The last five seasons haven’t been very kind to the Mets. Whether on the field or in the board room, the team has been besieged by a myriad of unfortunate circumstances ever since Carlos Beltran was mesmerized by a Adam Wainwright curve ball to end the 2006 NLCS. Not surprisingly, the Mets’ hardship has led to much ridicule, particularly from the less compassionate segment of the Yankees’ fan base. Despite the dark days still ahead, however, there is every reason to think the Mets could still have the last laugh.

In the three years since Bernie Madoff’s massive securities fraud was uncovered, Fred Wilpon has been desperately trying to maintain his hold on the New York Mets. Despite insisting at the time that the scandal would have no impact on his ownership of the team, subsequent events have proven otherwise. Since that time, which, unfortunately for the Wilpons, coincided with poor play on the field and a corresponding decline in revenue, the current ownership group has relied on debt to remain afloat. According to a recent report in the Daily News, those loans are about to come due.

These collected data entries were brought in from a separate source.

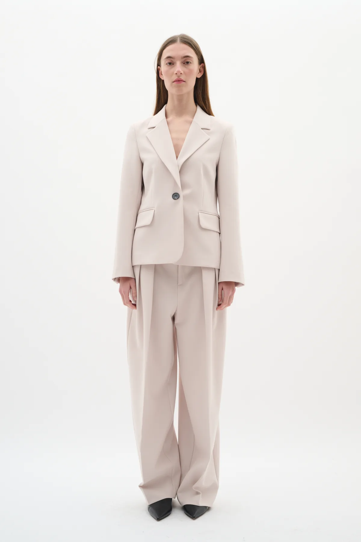 Wijde pantalon met comfortabele pasvorm voor zowel zakelijke als casual outfits. Voorzien van plooien, normale taille en riemlussen voor veelzijdige styling.
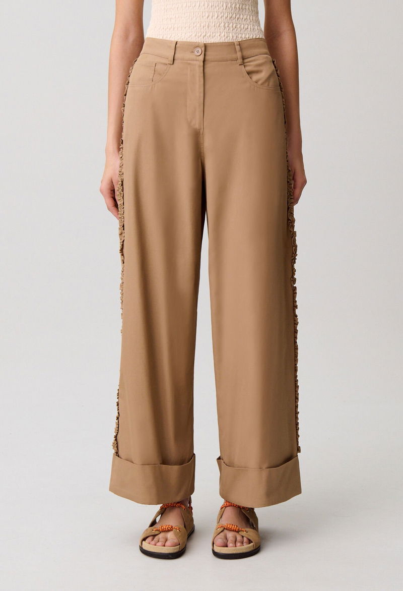 Relaxed wide-leg, straight-cut trousers with large turn-ups and ruffles
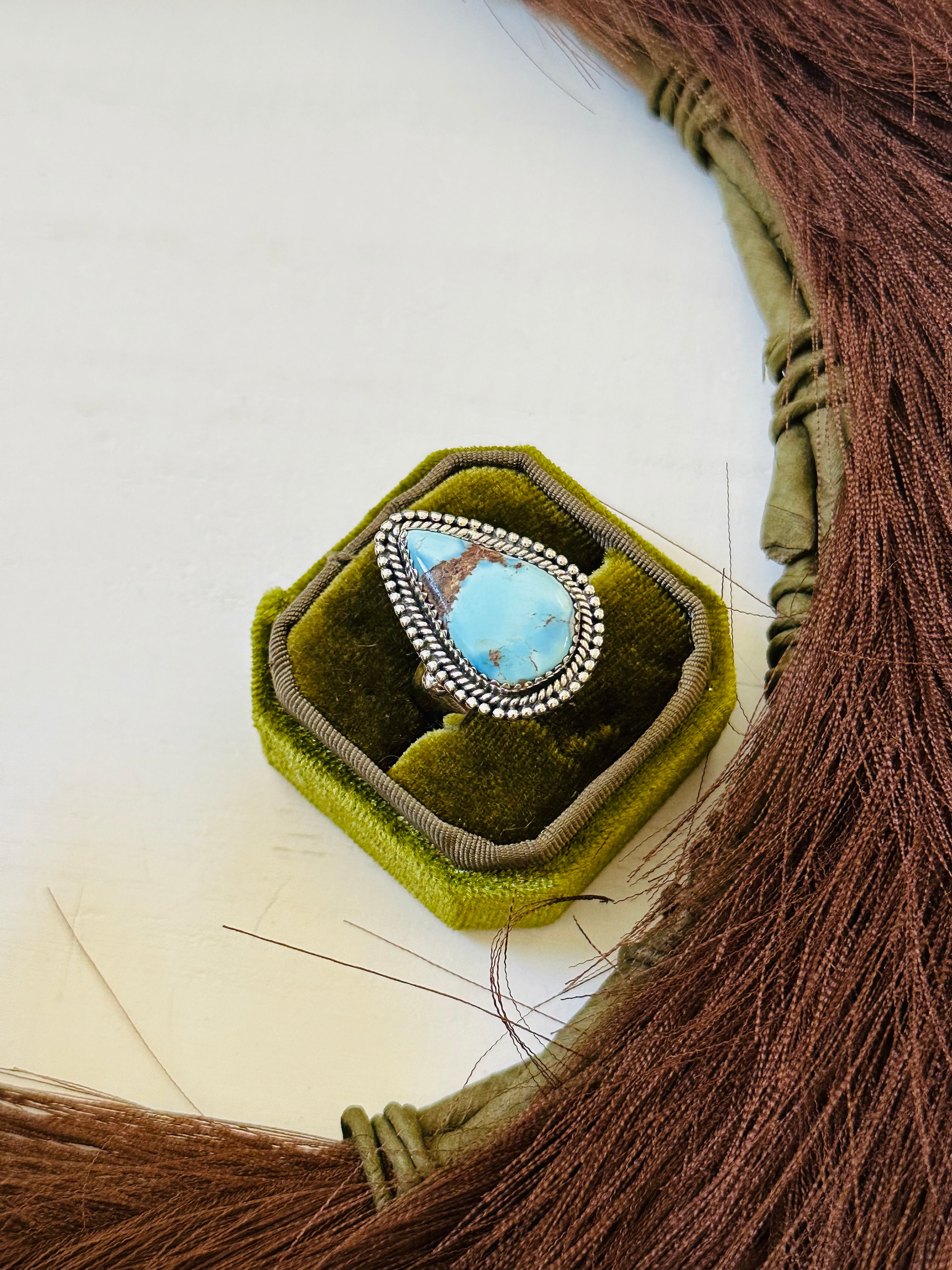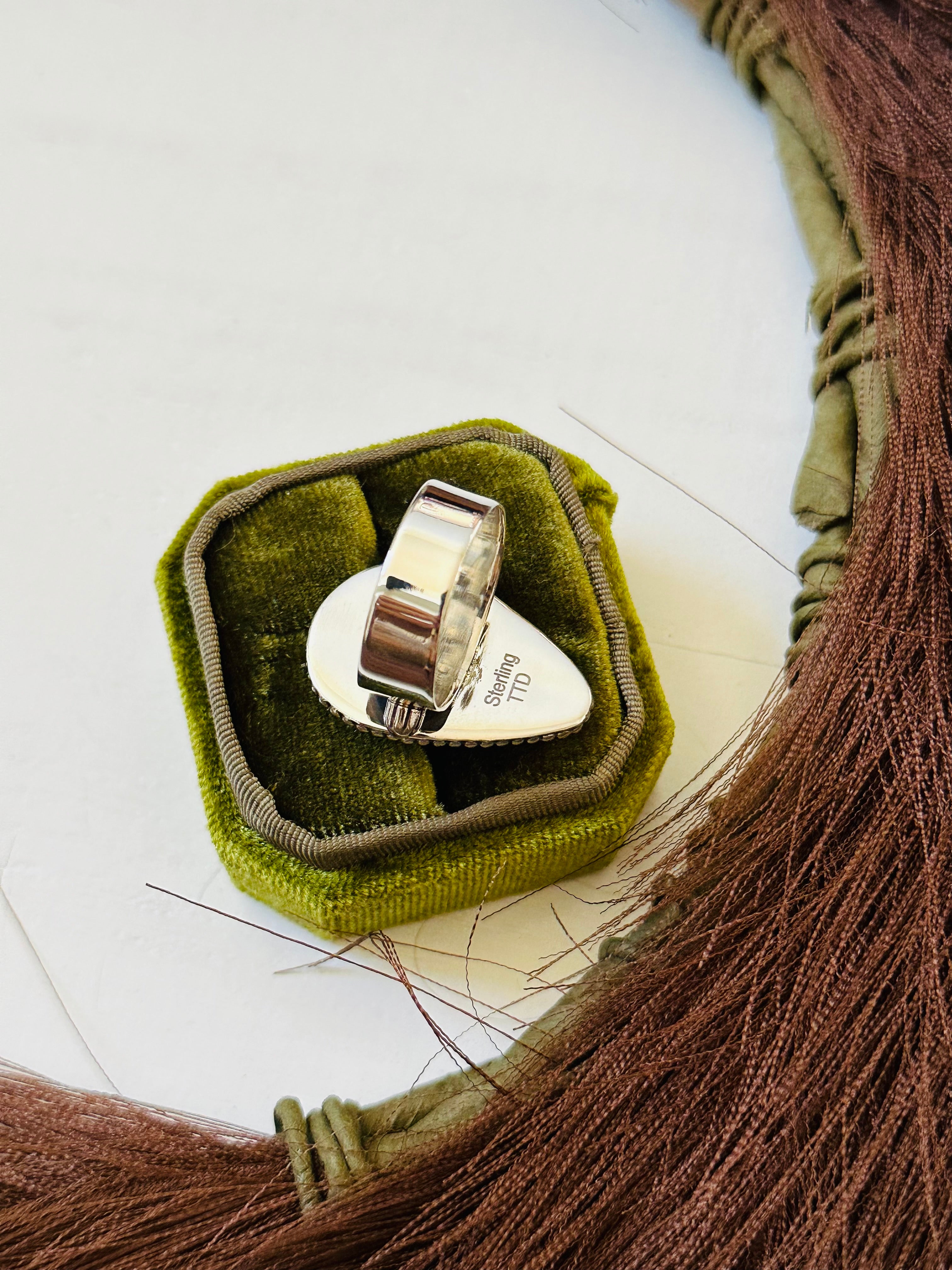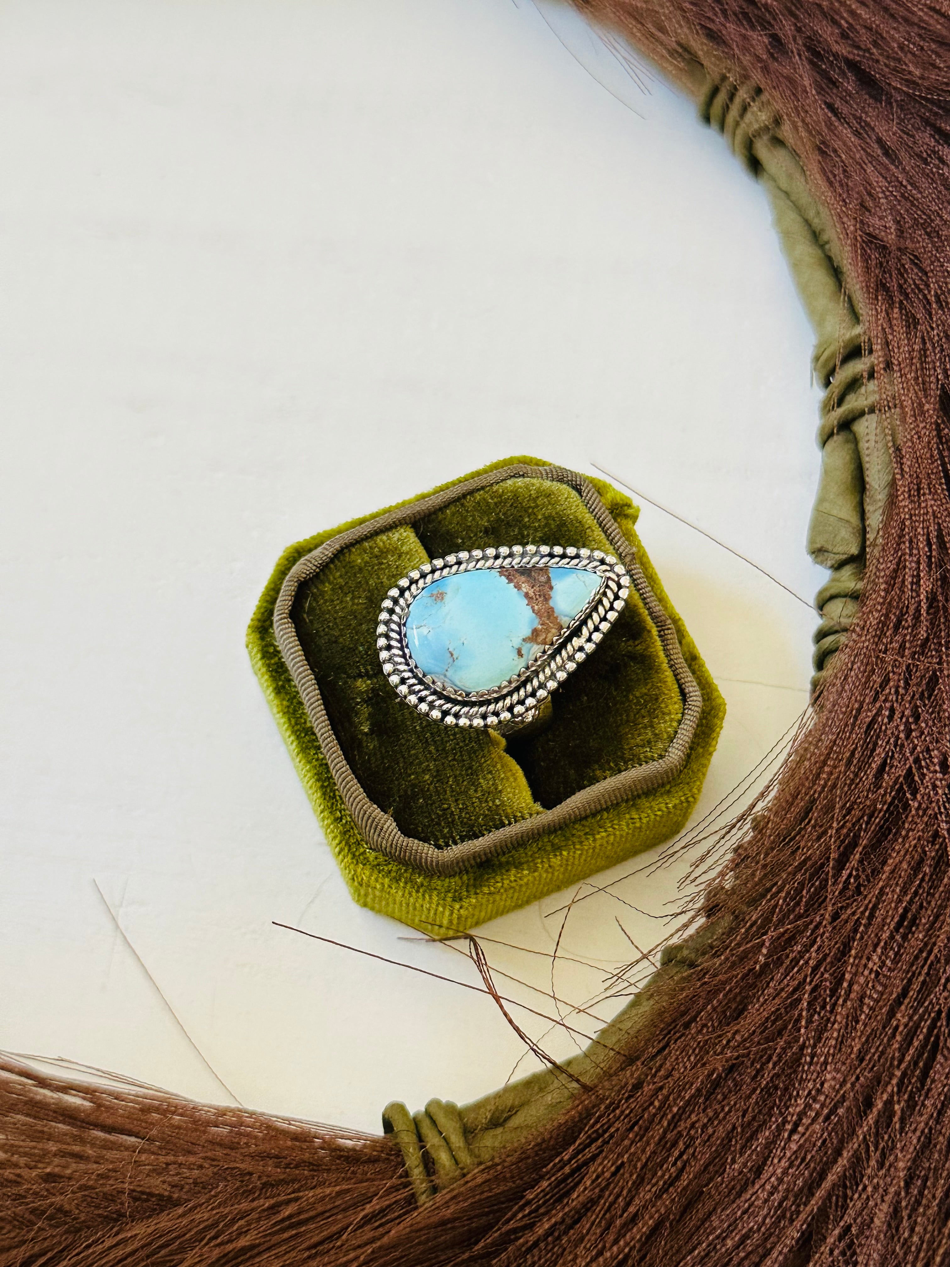 Southwest Handmade Golden Hills Turquoise & Sterling Silver Ring Size 10
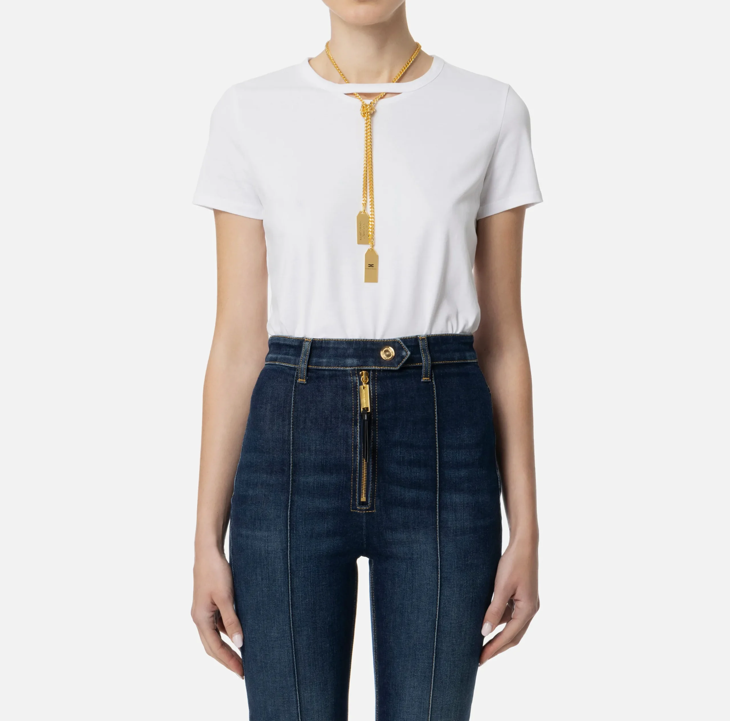 Top, T-Shirt & Body|Elisabetta Franchi T-shirt in jersey con collana Gesso
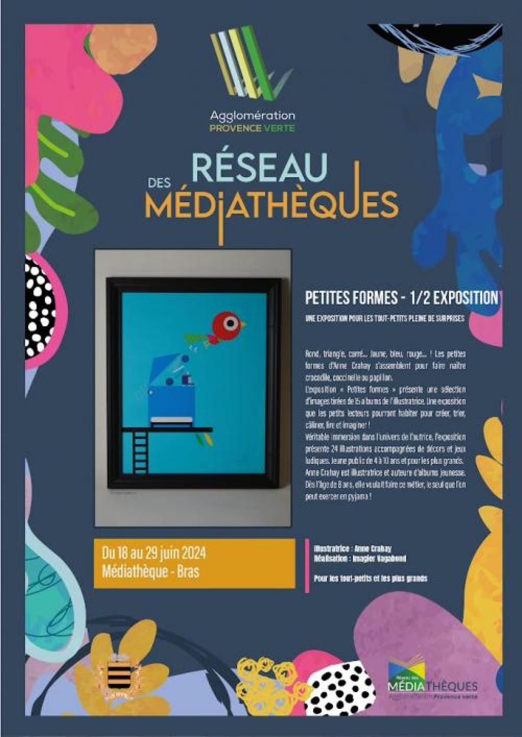 “ Une exposition d'illustrations de l'artiste, avec un espace tout en bois construit par elle à hauteur d'enfants. Un lieu à laisser habiter par les petits lecteurs pour créer, trier, câliner, lire et imaginer ”
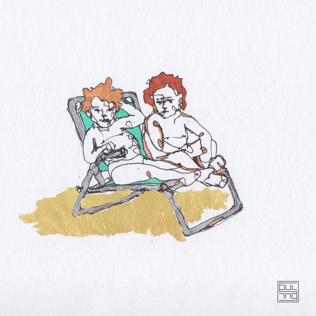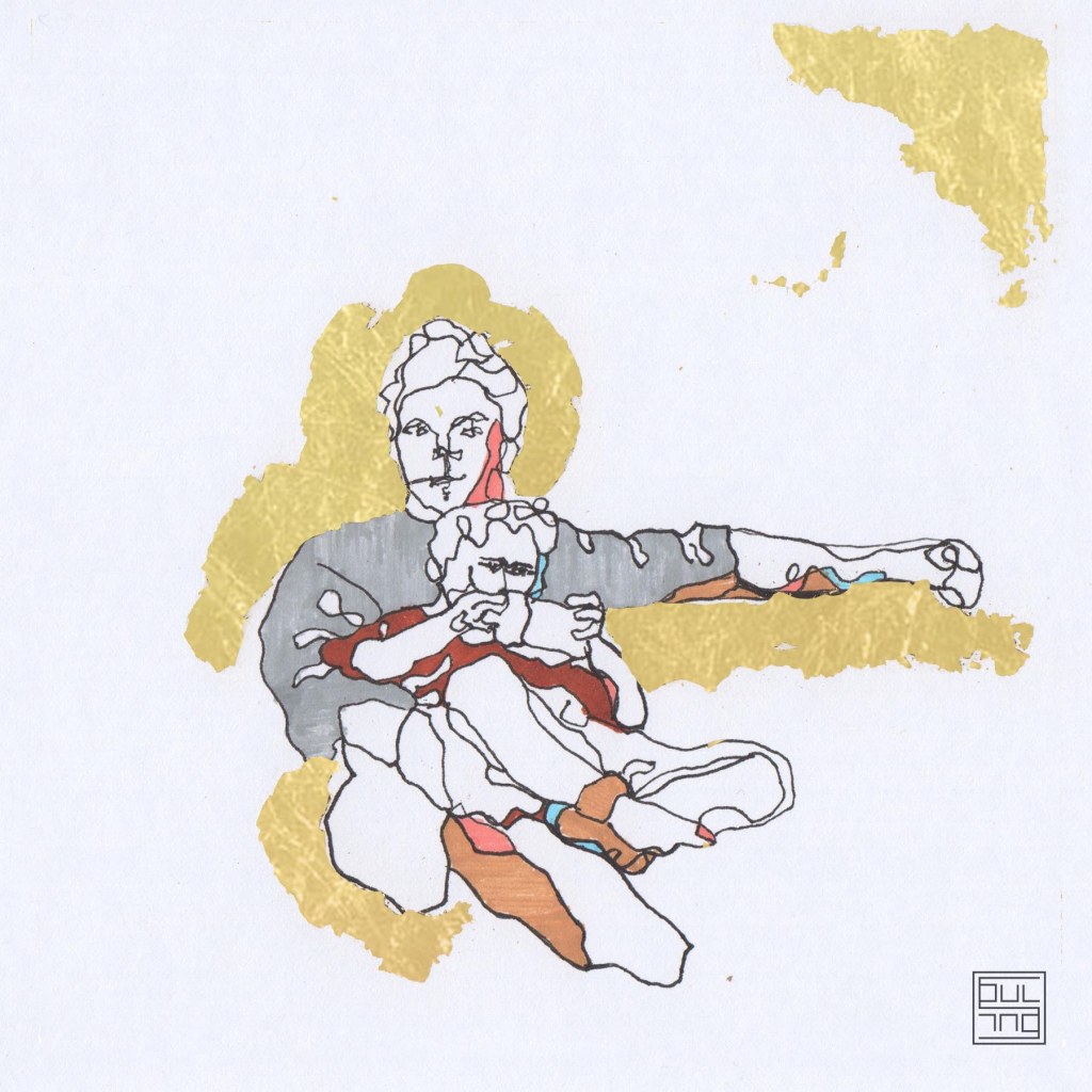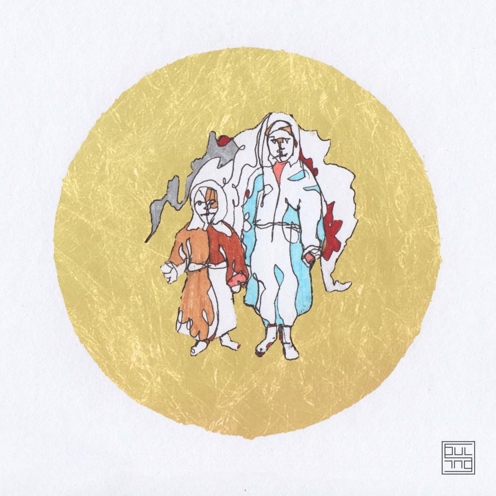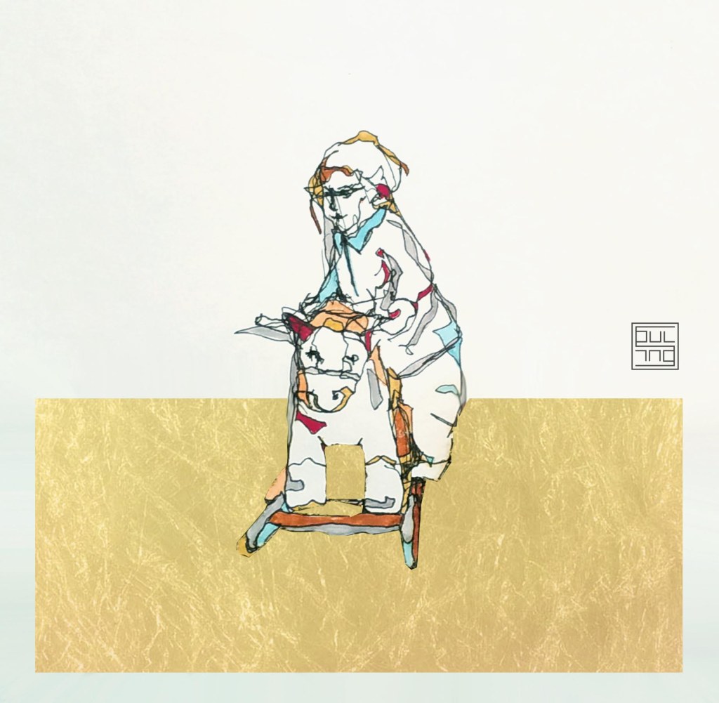 My works mainly depict child figures. It is about mixed technique, where ink and gold leaves are combined. The figures interact, perplex, and create moments. At a glimpse, the sensation of temporary recall of a memory or sentiment is created. The artworks create the feeling of nostalgia for childhood, either in a carefree way or not. However, this feeling is always created by a sequence of thoughts regardless of age.

The team is not for sale, not a piece of it, not a part of it. We are not for sale. We have no reason to sell. We have other money. Just because you guys don’t know how much money we have, we have other money outside of this, from diversity.” – Fred Wilpon, quoted by the New York Times, December 17, 2008

Despite Fred Wilpon’s fervent desire to remain as majority owner of the Mets, the prospect of looming debt payments and even further deflated revenue in 2012 could soon force his hand (while creditors, and perhaps even the commissioner, slowly pry loose his fingers). As Frank McCourt has learned with the Dodgers, the weight of debt can become too much of a burden, especially when the alternative is selling out and making a handsome profit.